2. For the structure of cluster_metrics
refer to the structure of the Metrics System docs.
Using cluster metrics API and cluster data API:
Resource allocator server injects the cluster metrics API client and cluster data API client objects by default into the settings of the policy so it can be used inside the policy rule:
settings.update({
'cluster_client': self.cluster_client,
'cluster_metrics_client': self.metrics_client
})
Here are the class definitions of cluster client and cluster metrics client:
1. Cluster client
class ClusterClient:
def __init__(self):
self.base_url = os.getenv(
"CLUSTER_SERVICE_URL", "http://<server-url>:3000")
def read_cluster(self, cluster_id):
try:
response = requests.get(f"{self.base_url}/clusters/{cluster_id}")
response.raise_for_status()
return True, response.json()
except requests.exceptions.HTTPError as http_err:
return False, f"HTTP error occurred: {http_err}"
except Exception as err:
return False, f"Error occurred: {err}"
def execute_query(self, query):
try:
response = requests.post(
f"{self.base_url}/clusters/query", json={"query": query})
response.raise_for_status()
return True, response.json()
except requests.exceptions.HTTPError as http_err:
return False, f"HTTP error occurred: {http_err}"
except Exception as err:
return False, f"Error occurred: {err}"
2. Cluster metrics client:
class GlobalClusterMetricsClient:
def __init__(self):
self.base_url = os.getenv("GLOBAL_CLUSTER_METRICS_URL", "http://<server-url>:8888").rstrip('/')
logger.info(
f"GlobalClusterMetricsClient initialized with base URL: {self.base_url}")

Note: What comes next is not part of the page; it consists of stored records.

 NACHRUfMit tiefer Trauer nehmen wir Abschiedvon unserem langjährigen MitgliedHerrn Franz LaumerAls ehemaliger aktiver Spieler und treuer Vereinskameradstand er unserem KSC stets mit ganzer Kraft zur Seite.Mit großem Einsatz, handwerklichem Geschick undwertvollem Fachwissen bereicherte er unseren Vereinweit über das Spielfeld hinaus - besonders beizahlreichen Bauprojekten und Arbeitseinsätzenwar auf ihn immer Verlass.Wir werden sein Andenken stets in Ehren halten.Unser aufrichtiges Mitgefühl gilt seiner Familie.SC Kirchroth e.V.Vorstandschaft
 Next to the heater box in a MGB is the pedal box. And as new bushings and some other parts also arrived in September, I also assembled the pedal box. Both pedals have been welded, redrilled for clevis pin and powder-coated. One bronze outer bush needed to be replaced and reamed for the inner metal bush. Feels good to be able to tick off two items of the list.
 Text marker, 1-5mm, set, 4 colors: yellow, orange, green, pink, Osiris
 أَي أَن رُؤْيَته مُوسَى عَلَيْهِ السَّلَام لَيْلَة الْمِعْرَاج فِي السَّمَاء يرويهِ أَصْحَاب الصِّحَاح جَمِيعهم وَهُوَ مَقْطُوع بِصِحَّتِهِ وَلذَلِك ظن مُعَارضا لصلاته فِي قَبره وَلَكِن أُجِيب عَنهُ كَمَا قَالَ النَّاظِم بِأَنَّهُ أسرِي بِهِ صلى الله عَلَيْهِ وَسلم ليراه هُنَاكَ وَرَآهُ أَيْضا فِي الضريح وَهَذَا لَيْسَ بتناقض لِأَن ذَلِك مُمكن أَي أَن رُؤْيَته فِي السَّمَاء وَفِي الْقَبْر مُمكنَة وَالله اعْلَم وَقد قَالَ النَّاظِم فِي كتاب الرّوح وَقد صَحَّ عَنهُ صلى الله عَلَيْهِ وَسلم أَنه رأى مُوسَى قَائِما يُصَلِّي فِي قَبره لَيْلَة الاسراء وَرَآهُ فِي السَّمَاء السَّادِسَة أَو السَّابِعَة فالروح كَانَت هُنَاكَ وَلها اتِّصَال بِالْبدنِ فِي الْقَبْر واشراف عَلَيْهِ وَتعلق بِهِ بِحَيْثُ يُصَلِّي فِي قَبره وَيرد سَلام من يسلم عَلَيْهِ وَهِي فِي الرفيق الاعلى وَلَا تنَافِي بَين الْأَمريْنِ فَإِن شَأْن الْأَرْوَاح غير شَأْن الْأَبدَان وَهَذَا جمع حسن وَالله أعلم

def _handle_response(self, response):
try:
response.raise_for_status()
json_data = response.json()
if not json_data.get("success", False):
raise APIError(json_data.get(
"error", "Unknown error"), response.status_code)

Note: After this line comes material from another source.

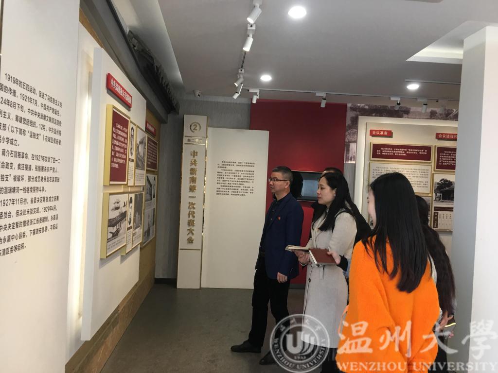 首先,支部党员参观了中共浙南一大纪念馆。纪念馆分上下两层,一楼为展厅,二楼为电化教室。展厅分为中共浙南一大展厅、温州独立支队展厅、红十三军展厅,详细展示了温州光辉的革命历史。展厅内古朴典雅,庄严凝重。在这里,我们见到了中共浙南第一次代表大会通过的决议案,见到了开展武装斗争使用的矛枪,见到了地下交通员传送情报的食盒匣,最触动人心的是那些革命烈士的图像和他们的革命事迹。一件件实物,一幅幅图片,让参观者重温了那段不屈不挠、不畏艰辛、不能忘却的红色记忆,深刻感悟到了革命烈士精神的崇高与伟大。

return json_data.get("data")
except requests.RequestException as e:
logger.error(f"HTTP error: {e}")
raise
except ValueError as e:
logger.error(f"Invalid JSON response: {e}")
raise
def get_cluster(self, cluster_id):
url = f"{self.base_url}/cluster/{cluster_id}"
response = requests.get(url)
return self._handle_response(response)
def query_clusters(self, query_params=None):
url = f"{self.base_url}/cluster/query"
response = requests.get(url, params=query_params)
return self._handle_response(response)
You can access these objects inside the policy as follows:
# example to access clusters API client:
cluster_client = self.settings['cluster_client']
cluster_client.read_cluster('cluster-123')
# example to access cluster metrics client:
cluster_metrics_client = self.settings['cluster_metrics_client']
cluster_metrics_client.get_cluster('cluster-123')
Output format:
The policy should emit the output in following format for each allocation request in the input:
{
"cluster_id": <cluster_id>,
"node_id": <node_id> (optional),
"gpus": [<gpu_id>] (optional)
}
Example:
{
"cluster_id": "cluster-123", // in cluster-123
"node_id": "node-0", // use node-0
"gpus": ["0", "2"] // use GPU 0 and 2 in node-0
}